Kiyofumi Iwata (born on February 3, 1957) is a Japanese Ground Self-Defense Force officer. He served as the 34th Chief of Staff of the Ground Self-Defense Force and the 33rd Commander of the Northern Army.

== Biography ==
He was born in Tokushima Prefecture. He served in the Armored Corps up to the rank of Lieutenant Colonel. He is the first Chief of Staff of the GSDF to be appointed from the Northern Army in 10 years, since Lieutenant General Hajime Sakizaki, the first Chief of Staff of the Joint Staff.
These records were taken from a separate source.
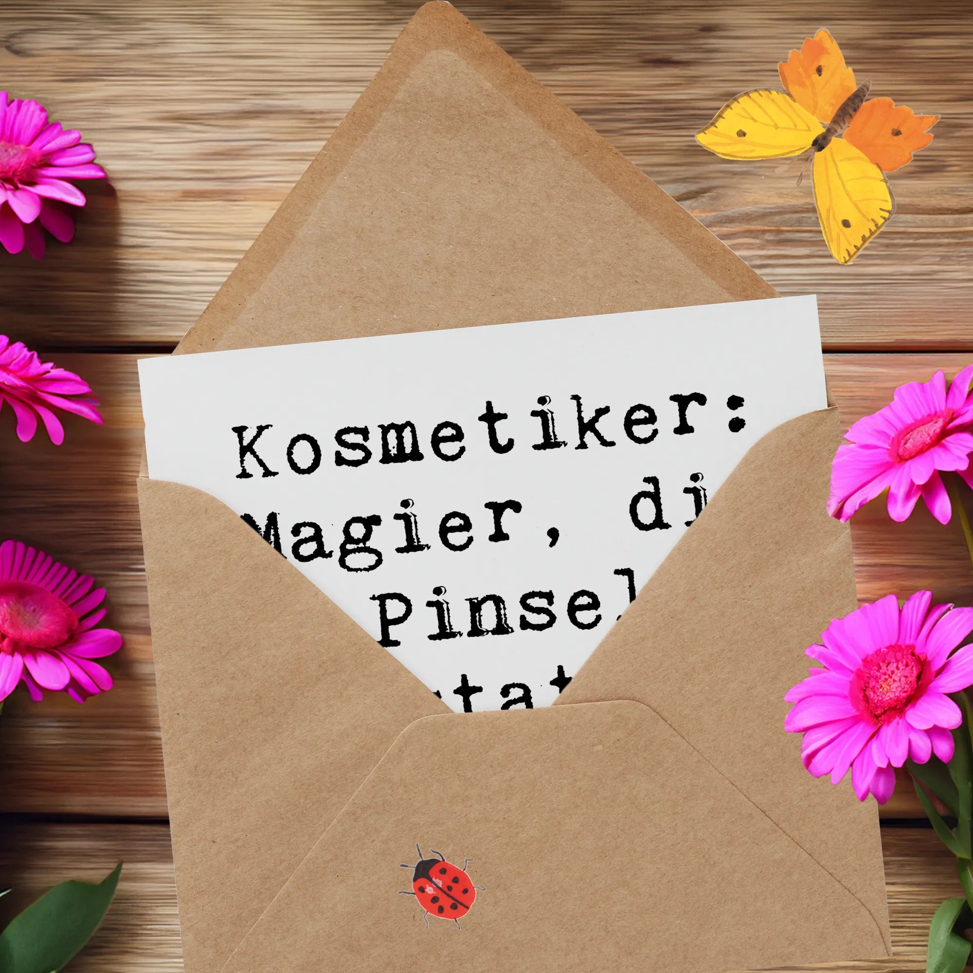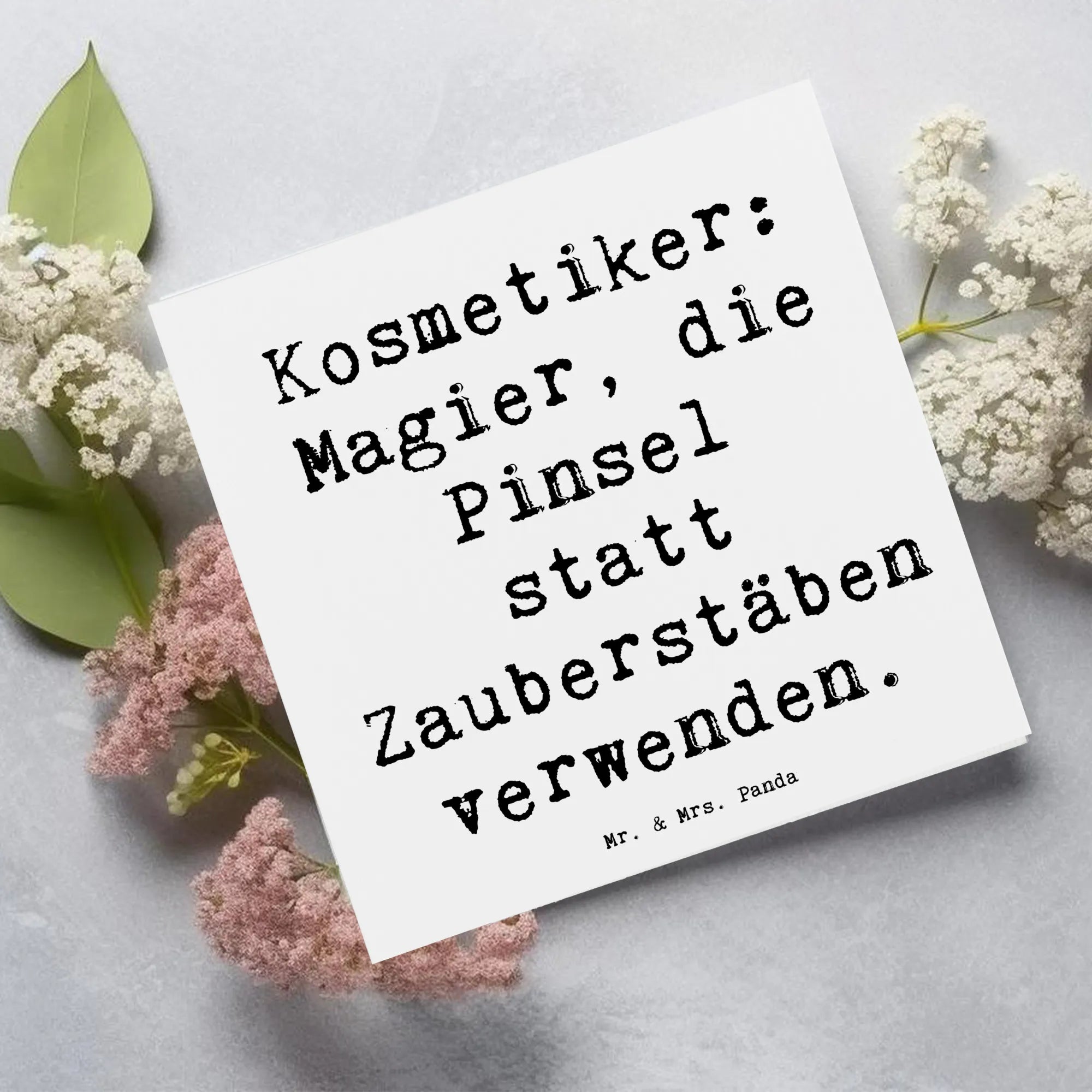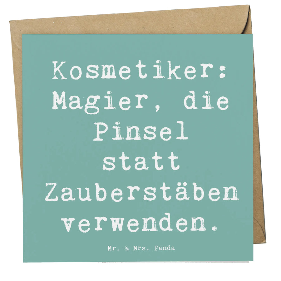 Entdecke die perfekte Grußkarte für Kosmetiker! Diese Deluxe Karte mit dem liebevollen Motiv "Kosmetiker: Magier, die Pinsel statt Zauberstäben verwenden." aus der Berufe Kollektion von Mr. & Mrs. Panda ist ein ganz besonderes Geschenk für jede Kosmetikerin oder jeden Kosmetiker.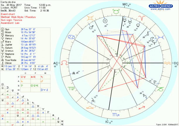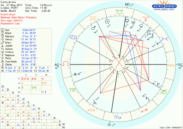 São bem diferentes as energias de sábado e de domingo, dividindo assim o fim-de-semana em dois tempos, o primeiro mais sonhador e descansado, o segundo mais activo e interessado.Tanto o Sol como a Lua mudam de signo entre sábado e domingo: de Touro e Peixes para Gémeos e Carneiro respectivamente. No entanto, tanto num dia como noutro, o pano de fundo é idêntico, há que fazer encontrar um equilíbrio entre o que queremos ter e o que podemos receber – Vénus em Carneiro oposta a Júpiter em Balança e não podemos naturalmente, apesar do impulso, partir a loiça toda com pensamentos, palavras ou gestos, se quisermos ter alguns resultados construtivamente transformadores – com Marte em Gémeos em quincúncio a Plutão em Capricórnio. Neste quadro de mudança controlada e articulada, possível pela inovação bem estudada de que somos capazes – Nódulo Norte em Leão em grande trígono de Fogo com Urano em Carneiro e Saturno em Sagitário – podemos no sábado com a Lua em Peixes, conjunta ao quíron e sextil ao Sol em Touro, resolver concretamente feridas, carências antigas, com sensibilidade e sentido prático , atingindo níveis mais elevados de consciência e, no domingo, sentir que dobramos um cabo – fim da quadratura do Sol ao Nódulo Norte – e com espírito de iniciativa começar a inquirir os próximos passos com a Lua em Carneiro e o Sol em Gémeos.
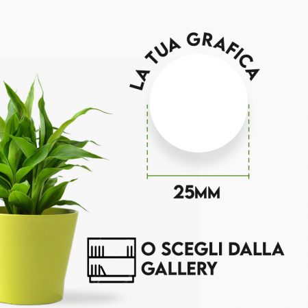 Pensato principalmente per un uso meno professionale ma più pratico, in quanto grazie al potente adesivo 3M potrai attaccarlo ovunque, dal retro del tuo Smartphone al portafogli o al PC o a qualsiasi altro oggetto che desideri.Il modello FLAT, ha dimensioni di 25mm (diametro) e 1.5mm (spessore). Stampato con tecnologia UV Led HD con grafica scelta dalla nostra libreria o da tuo file senza QRCode.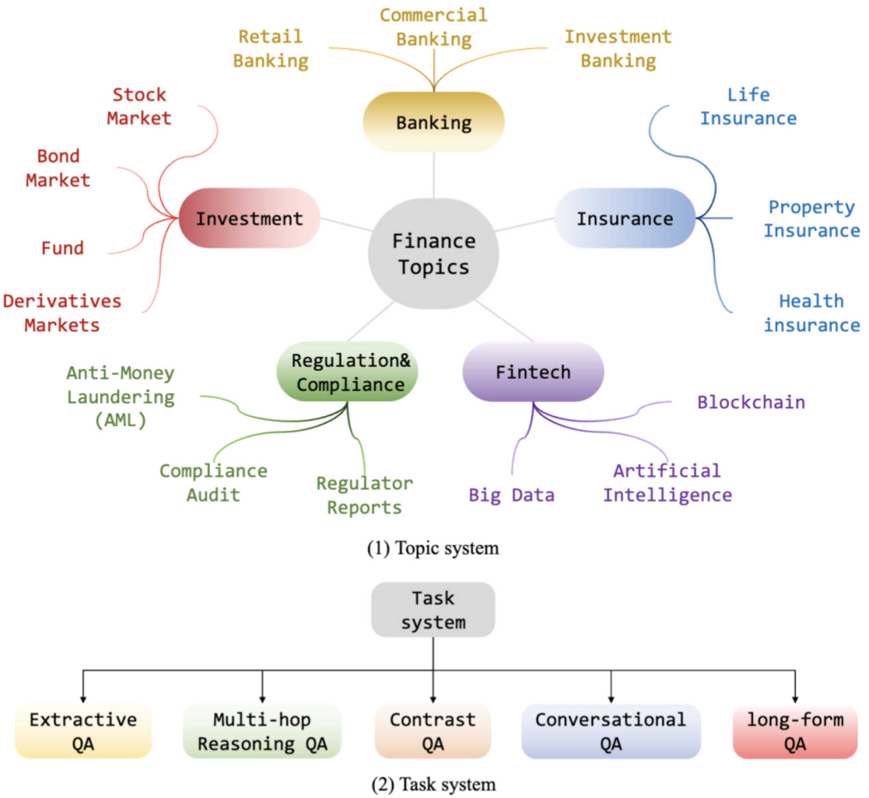 图2:用于构建基准的主题树。包含商业银行业务、股票市场、人寿保险、银行业、债券、财产保险、投资基金、金融衍生品市场、健康保险、监管与合规、反洗钱(AML)、金融科技、区块链、大数据人工智能、合规、监管报告等16个金融主题。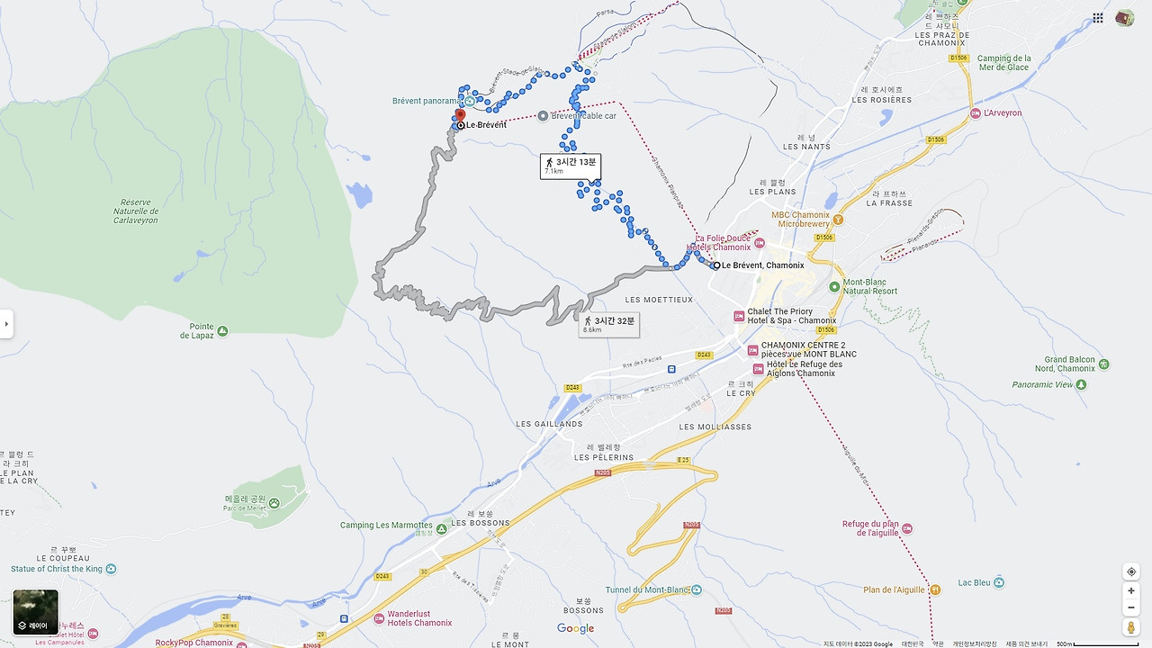 Google Map: 브레방을 걸어서 오르고 싶다면?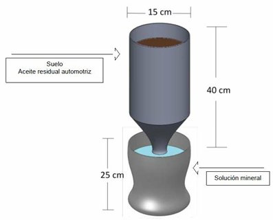 En la tabla 1, se detallan las propiedades fisicoquímicas del suelo agrícola sin contaminar por el ARA18, con un pH de 6.02 ligeramente ácido, con bajo contenido en MO 0.58 %, una pobre concentración de N total de 0.11%, una alta capacidad de intercambio iónico de 26.64 C×mol(+) Kg-1 o salino, con una composición de la textura: arcilla de 50 %, limo 7 % y arena 43 %, por lo que el suelo se clasificó como arcilloso, este suelo se tamizó con una malla del No. 20, solarizó por 48 h y redujo el problema de plagas y enfermedades, posteriormente se contamino con el ARA, y comenzó la BIO del suelo al disolver los 100000 ppm de ARA en el detergente comercial “La Corona” al 0.5 % (p/v). Entonces 1.0 kg de este suelo contaminado con el ARA, se colocó en la parte superior de la jarra de Leonard, en la inferior se depositó agua o solución mineral (SM), ambas partes se conectaron por una tira algodón, para el movimiento del líquido por capilaridad (figura 1).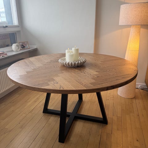 Lækkert super smukt rundt sildebens spisebord - Ø150. Det er snedker lavet og har sorte stålben. Farven på bordpladen er natureg og er plejet passet og plejet med bivoks flere gange om året.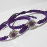Náramek je vyroben z fialové šňůrky a kovového smaltovaného mezidílu - Kytička.

During his time as Commander of the Northern Army, he made requests for "mission readiness, thorough training, and regional cooperation." He served as Chief of Staff of the GSDF for about three years and was considered a candidate to become the next Chief of Staff of the Joint Staff, but in the latter half of his term, numerous serious incidents  occurred. The final blow was a rifle misfire incident by a soldier at the Northern Army's Shikaribetsu Training Area, which forced him to retire to take responsibility for managing and supervising the incident.

According to Senkaku Publishing, the plan to change the JGSDF uniforms from their current moss green to purple, the Joint Staff Office's image color, at the end of 2018 is said to be a "parting gift" from Iwata, who was forced to retire despite aiming to become Chief of Staff of the Joint Staff. Additionally, according, following the first change in the JGSDF Special Honor Guard uniforms in 52 years, a second model change of the "regular uniform" is planned, affecting 139,000 JGSDF personnel. The new uniforms will be purple, the color of the Joint Staff Office, and the person who strongly advocated for the change to the new uniforms is said to be "the former Chief of Staff of the JGSDF who retired last June."